Data block
[Start of Attachment]

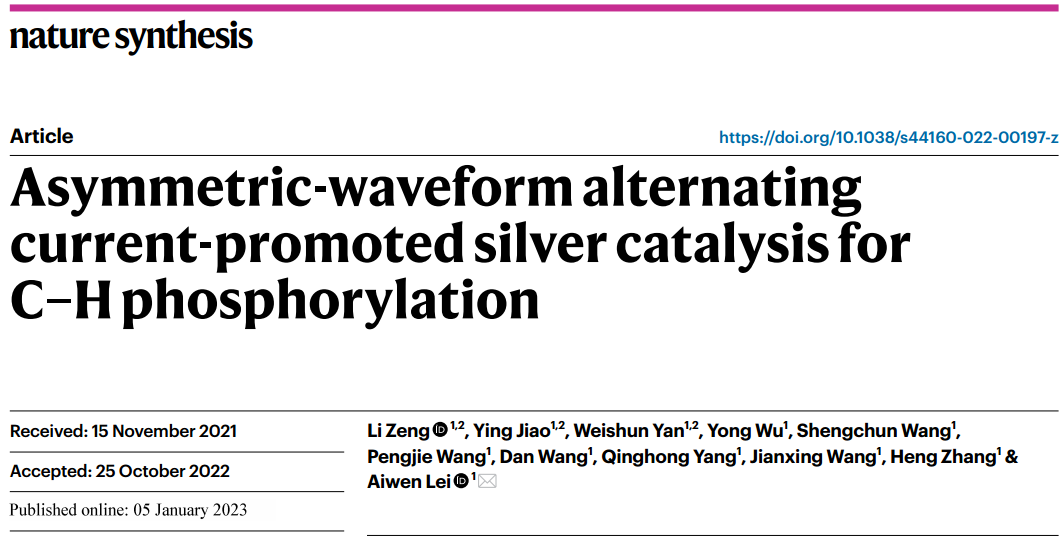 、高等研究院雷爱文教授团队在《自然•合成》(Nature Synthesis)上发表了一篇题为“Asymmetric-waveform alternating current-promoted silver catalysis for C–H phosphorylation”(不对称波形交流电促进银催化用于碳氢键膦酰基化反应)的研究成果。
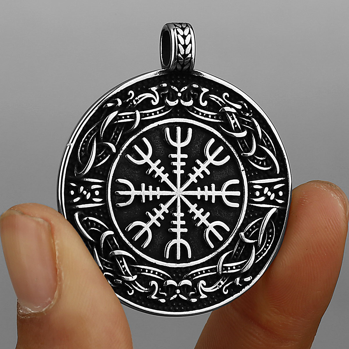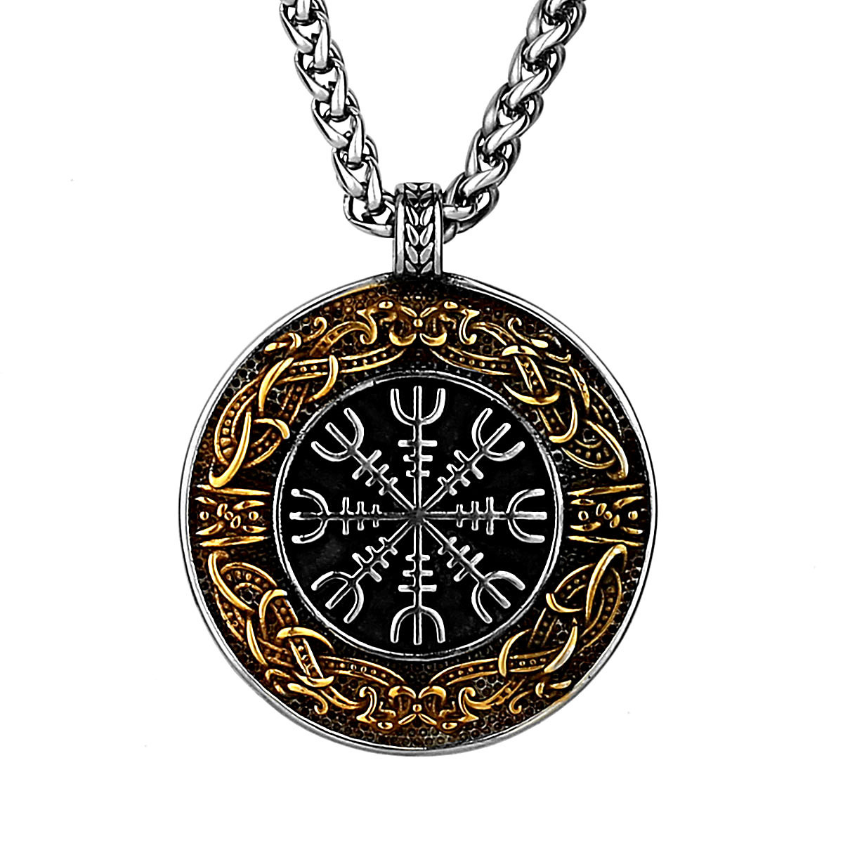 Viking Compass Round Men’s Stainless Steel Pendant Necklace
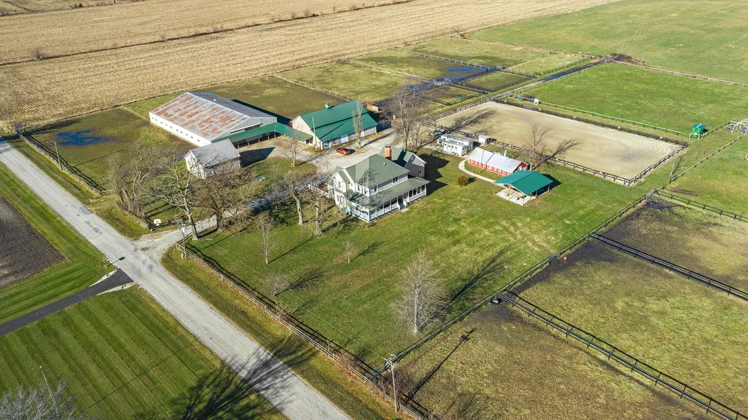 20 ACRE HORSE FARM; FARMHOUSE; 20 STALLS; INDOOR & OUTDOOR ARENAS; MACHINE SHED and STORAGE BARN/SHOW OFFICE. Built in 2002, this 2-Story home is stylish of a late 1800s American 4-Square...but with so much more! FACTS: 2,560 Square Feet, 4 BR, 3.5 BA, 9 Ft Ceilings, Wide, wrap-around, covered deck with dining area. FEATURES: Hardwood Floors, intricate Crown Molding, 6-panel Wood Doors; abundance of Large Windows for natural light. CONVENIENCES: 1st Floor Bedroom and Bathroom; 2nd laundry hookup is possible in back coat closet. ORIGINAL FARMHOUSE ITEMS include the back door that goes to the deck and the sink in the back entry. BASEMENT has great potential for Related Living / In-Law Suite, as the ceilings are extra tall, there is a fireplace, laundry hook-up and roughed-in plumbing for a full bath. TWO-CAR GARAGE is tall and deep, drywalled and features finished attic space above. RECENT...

[End of Attachment]

Problem to solve
Please retype the data exactly as it appears, but without any of its pictures.

Result of the exercise
 、高等研究院雷爱文教授团队在《自然•合成》(Nature Synthesis)上发表了一篇题为“Asymmetric-waveform alternating current-promoted silver catalysis for C–H phosphorylation”(不对称波形交流电促进银催化用于碳氢键膦酰基化反应)的研究成果。
 Viking Compass Round Men’s Stainless Steel Pendant Necklace
 20 ACRE HORSE FARM; FARMHOUSE; 20 STALLS; INDOOR & OUTDOOR ARENAS; MACHINE SHED and STORAGE BARN/SHOW OFFICE. Built in 2002, this 2-Story home is stylish of a late 1800s American 4-Square...but with so much more! FACTS: 2,560 Square Feet, 4 BR, 3.5 BA, 9 Ft Ceilings, Wide, wrap-around, covered deck with dining area. FEATURES: Hardwood Floors, intricate Crown Molding, 6-panel Wood Doors; abundance of Large Windows for natural light. CONVENIENCES: 1st Floor Bedroom and Bathroom; 2nd laundry hookup is possible in back coat closet. ORIGINAL FARMHOUSE ITEMS include the back door that goes to the deck and the sink in the back entry. BASEMENT has great potential for Related Living / In-Law Suite, as the ceilings are extra tall, there is a fireplace, laundry hook-up and roughed-in plumbing for a full bath. TWO-CAR GARAGE is tall and deep, drywalled and features finished attic space above. RECENT...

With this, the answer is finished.